* **WHAT YOU HAVE TO DO**
Set out exactly every line of the entries below, starting at the line that holds "隨著蒸烤一體集成灶走進千家萬" and stopping after the line that holds "설명 : Embossed".

* **DATASET ENTRIES**
BEGIN

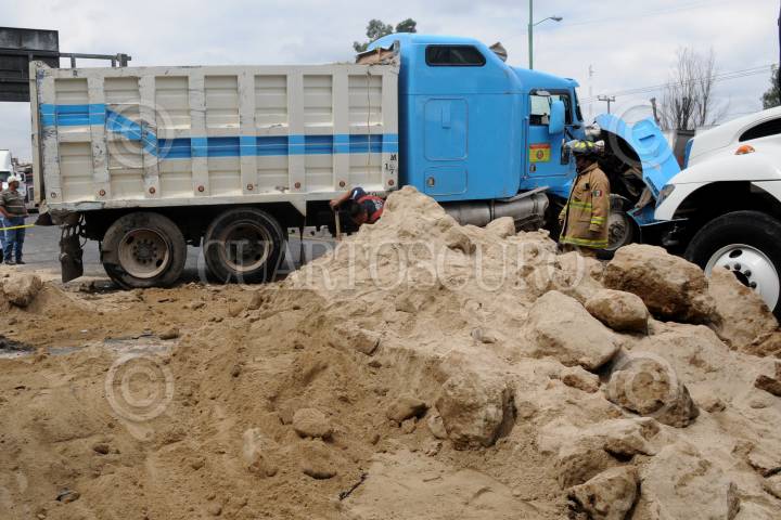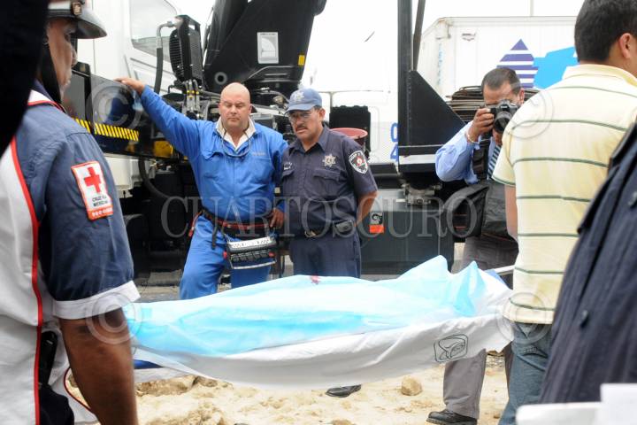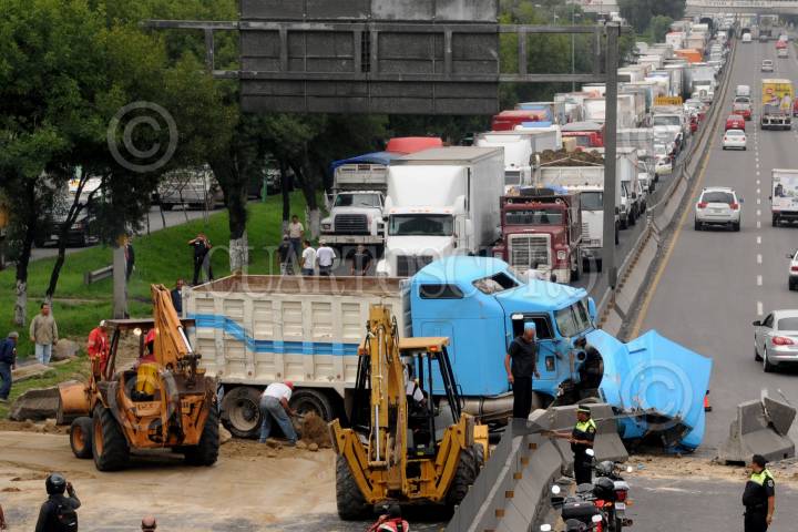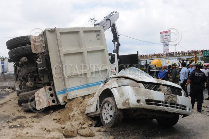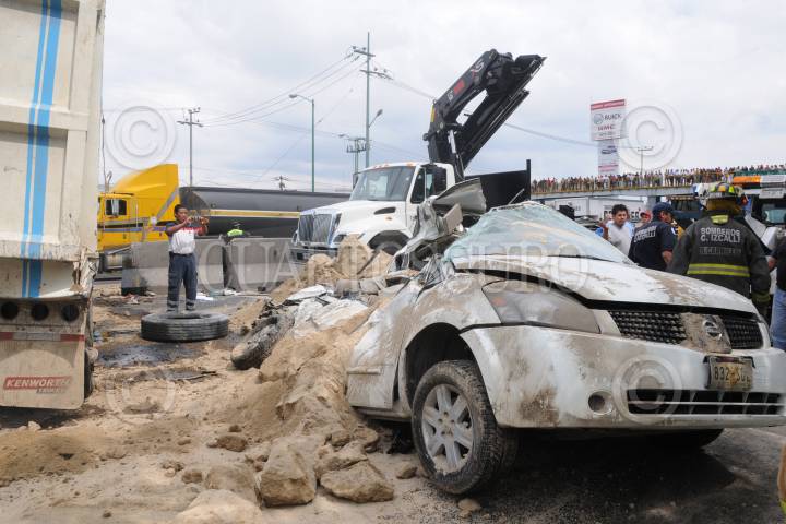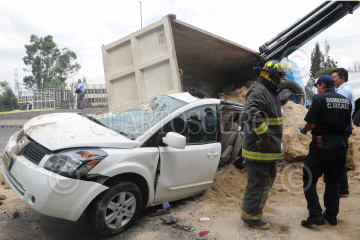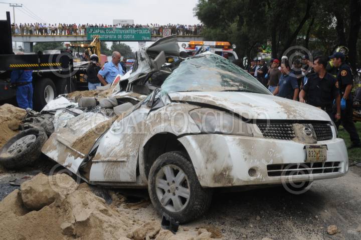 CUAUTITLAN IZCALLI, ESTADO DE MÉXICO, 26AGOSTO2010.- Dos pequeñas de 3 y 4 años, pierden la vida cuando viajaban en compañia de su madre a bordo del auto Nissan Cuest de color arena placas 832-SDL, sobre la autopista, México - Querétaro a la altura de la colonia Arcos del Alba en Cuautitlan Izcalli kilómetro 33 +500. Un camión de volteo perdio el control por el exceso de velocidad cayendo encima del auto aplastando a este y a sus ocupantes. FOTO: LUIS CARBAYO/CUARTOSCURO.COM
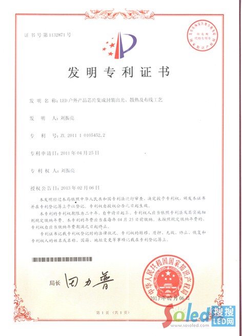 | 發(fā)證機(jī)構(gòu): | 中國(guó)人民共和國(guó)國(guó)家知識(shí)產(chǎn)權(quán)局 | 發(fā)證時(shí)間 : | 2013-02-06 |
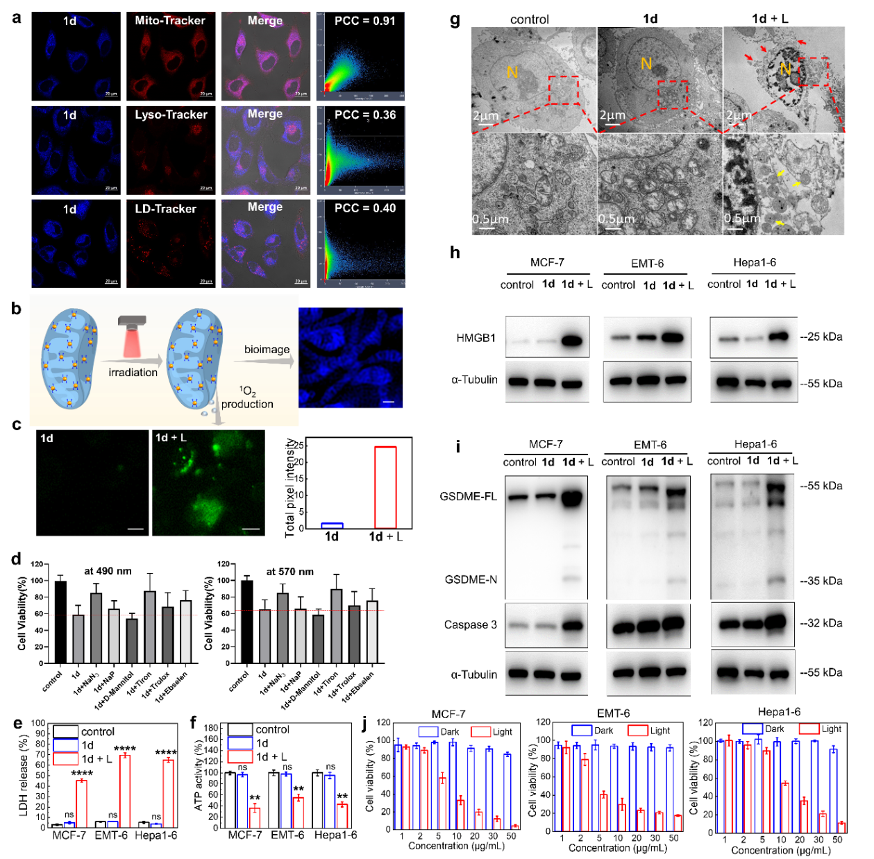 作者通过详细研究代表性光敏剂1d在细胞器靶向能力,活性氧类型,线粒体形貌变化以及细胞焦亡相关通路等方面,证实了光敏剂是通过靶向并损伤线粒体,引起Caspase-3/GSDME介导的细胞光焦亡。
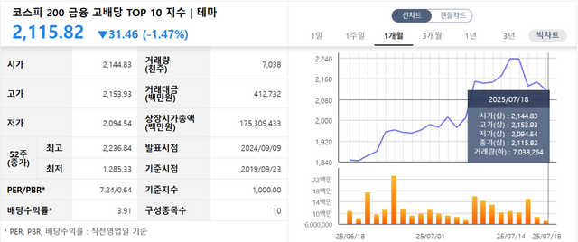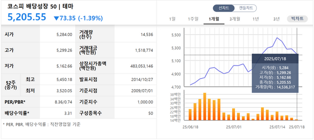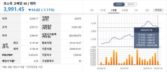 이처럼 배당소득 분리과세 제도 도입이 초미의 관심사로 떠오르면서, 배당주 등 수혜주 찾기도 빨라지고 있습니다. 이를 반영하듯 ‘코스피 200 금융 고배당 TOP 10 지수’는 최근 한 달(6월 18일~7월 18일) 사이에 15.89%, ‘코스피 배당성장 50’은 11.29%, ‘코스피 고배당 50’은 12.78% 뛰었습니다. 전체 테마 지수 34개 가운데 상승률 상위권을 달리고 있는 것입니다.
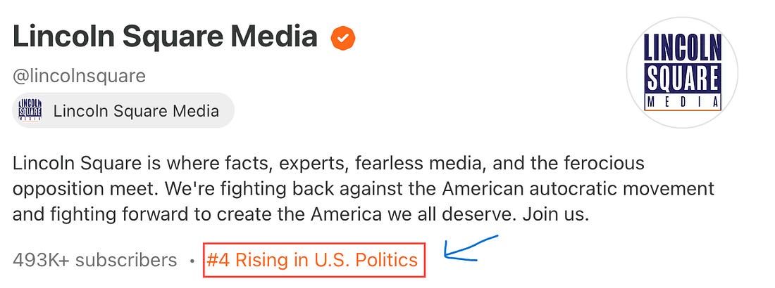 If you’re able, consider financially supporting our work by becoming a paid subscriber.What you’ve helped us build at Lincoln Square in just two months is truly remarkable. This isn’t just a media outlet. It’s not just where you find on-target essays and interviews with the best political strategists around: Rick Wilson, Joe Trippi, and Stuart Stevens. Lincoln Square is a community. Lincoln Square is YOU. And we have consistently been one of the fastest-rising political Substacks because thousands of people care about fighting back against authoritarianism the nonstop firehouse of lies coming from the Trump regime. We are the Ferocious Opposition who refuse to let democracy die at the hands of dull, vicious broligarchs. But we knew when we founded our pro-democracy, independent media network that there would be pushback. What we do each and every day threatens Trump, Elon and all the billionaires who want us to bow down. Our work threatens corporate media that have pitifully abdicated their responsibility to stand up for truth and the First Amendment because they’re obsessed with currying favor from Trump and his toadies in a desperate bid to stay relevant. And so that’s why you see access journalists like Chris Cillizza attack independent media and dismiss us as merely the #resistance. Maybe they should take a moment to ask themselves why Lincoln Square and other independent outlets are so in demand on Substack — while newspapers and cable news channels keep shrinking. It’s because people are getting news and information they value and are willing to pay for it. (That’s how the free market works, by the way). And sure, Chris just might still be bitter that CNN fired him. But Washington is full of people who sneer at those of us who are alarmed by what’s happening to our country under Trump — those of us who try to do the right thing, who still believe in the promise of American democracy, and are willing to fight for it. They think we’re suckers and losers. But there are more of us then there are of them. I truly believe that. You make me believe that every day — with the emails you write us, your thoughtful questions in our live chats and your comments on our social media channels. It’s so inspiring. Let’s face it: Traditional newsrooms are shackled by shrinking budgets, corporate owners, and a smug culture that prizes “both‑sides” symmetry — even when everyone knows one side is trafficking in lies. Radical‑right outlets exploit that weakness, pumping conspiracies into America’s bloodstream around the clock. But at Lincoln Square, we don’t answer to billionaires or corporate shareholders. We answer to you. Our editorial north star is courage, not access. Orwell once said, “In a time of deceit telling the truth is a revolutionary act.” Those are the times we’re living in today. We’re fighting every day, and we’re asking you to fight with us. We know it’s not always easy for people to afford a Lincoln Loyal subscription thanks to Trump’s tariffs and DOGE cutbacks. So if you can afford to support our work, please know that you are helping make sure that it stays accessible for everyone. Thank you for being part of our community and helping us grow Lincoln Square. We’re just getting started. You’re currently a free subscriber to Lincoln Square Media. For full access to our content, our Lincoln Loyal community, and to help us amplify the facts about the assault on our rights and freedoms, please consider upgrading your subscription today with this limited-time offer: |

END
BEGIN

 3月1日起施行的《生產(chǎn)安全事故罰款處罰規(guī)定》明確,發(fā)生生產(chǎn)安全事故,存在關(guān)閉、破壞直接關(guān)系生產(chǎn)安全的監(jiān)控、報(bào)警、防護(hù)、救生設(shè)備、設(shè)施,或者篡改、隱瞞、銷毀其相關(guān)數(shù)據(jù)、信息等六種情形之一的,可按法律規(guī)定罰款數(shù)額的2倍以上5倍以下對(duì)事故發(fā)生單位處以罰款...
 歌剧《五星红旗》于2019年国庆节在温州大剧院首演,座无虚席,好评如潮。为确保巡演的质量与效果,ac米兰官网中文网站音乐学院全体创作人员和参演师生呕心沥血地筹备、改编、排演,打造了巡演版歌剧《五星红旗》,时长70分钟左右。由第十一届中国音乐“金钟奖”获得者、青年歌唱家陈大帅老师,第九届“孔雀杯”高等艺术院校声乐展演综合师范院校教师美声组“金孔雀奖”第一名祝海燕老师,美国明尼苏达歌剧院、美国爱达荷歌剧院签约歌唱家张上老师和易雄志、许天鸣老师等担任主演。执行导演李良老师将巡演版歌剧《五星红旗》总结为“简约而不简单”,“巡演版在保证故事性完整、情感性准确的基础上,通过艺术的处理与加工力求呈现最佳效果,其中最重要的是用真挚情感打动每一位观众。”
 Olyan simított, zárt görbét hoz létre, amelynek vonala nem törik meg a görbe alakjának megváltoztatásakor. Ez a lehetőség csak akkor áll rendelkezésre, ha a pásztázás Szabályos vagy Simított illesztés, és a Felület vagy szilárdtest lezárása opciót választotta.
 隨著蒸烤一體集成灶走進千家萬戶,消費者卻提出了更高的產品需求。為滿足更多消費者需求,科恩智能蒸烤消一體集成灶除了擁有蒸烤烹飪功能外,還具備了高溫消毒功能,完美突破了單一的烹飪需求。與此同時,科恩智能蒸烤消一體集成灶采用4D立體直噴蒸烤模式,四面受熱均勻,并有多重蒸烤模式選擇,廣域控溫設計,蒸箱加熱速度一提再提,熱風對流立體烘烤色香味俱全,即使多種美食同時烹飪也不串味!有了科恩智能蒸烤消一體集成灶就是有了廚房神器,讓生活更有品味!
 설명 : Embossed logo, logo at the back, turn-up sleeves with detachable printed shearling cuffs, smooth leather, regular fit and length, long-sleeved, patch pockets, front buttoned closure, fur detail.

END
BEGIN

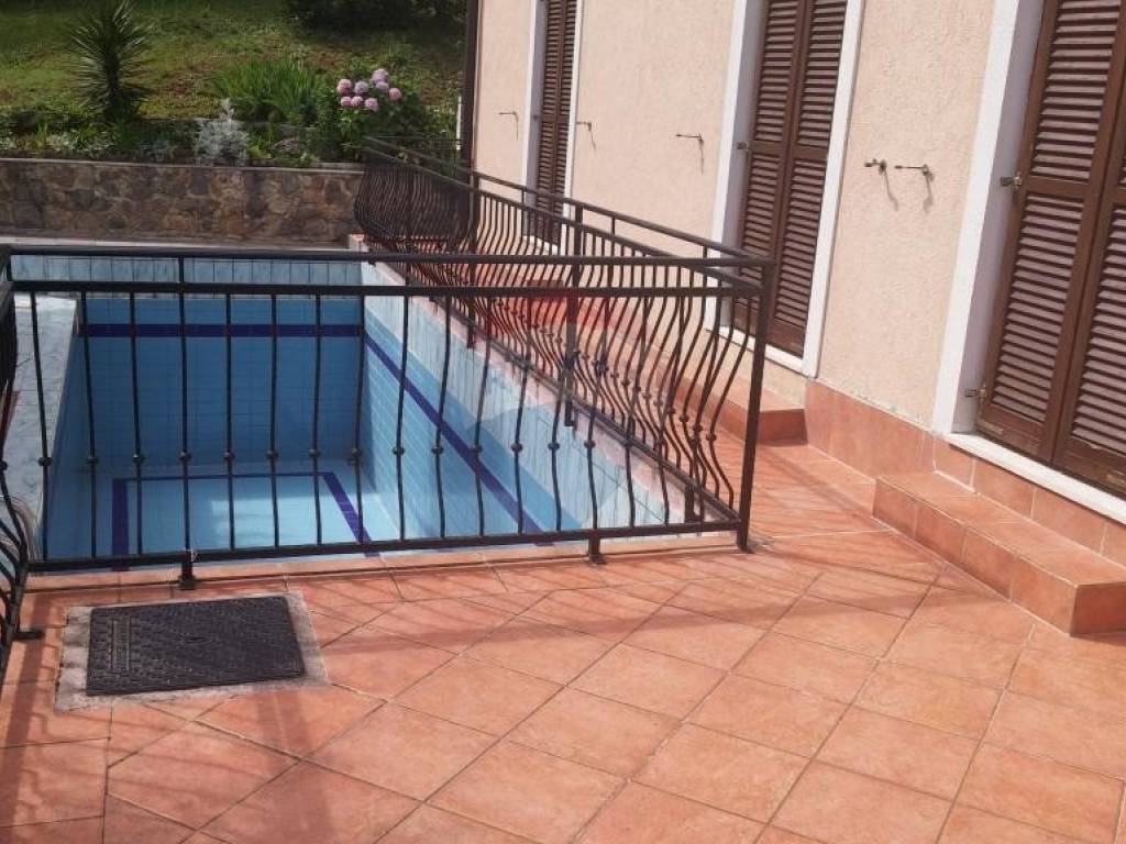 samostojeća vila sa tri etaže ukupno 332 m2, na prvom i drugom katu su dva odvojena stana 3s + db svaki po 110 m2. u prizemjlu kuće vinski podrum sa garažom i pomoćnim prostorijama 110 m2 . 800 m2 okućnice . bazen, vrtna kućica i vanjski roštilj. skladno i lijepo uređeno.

END

* **WRITTEN RESPONSE**
 隨著蒸烤一體集成灶走進千家萬戶,消費者卻提出了更高的產品需求。為滿足更多消費者需求,科恩智能蒸烤消一體集成灶除了擁有蒸烤烹飪功能外,還具備了高溫消毒功能,完美突破了單一的烹飪需求。與此同時,科恩智能蒸烤消一體集成灶采用4D立體直噴蒸烤模式,四面受熱均勻,并有多重蒸烤模式選擇,廣域控溫設計,蒸箱加熱速度一提再提,熱風對流立體烘烤色香味俱全,即使多種美食同時烹飪也不串味!有了科恩智能蒸烤消一體集成灶就是有了廚房神器,讓生活更有品味!
 설명 : Embossed logo, logo at the back, turn-up sleeves with detachable printed shearling cuffs, smooth leather, regular fit and length, long-sleeved, patch pockets, front buttoned closure, fur detail.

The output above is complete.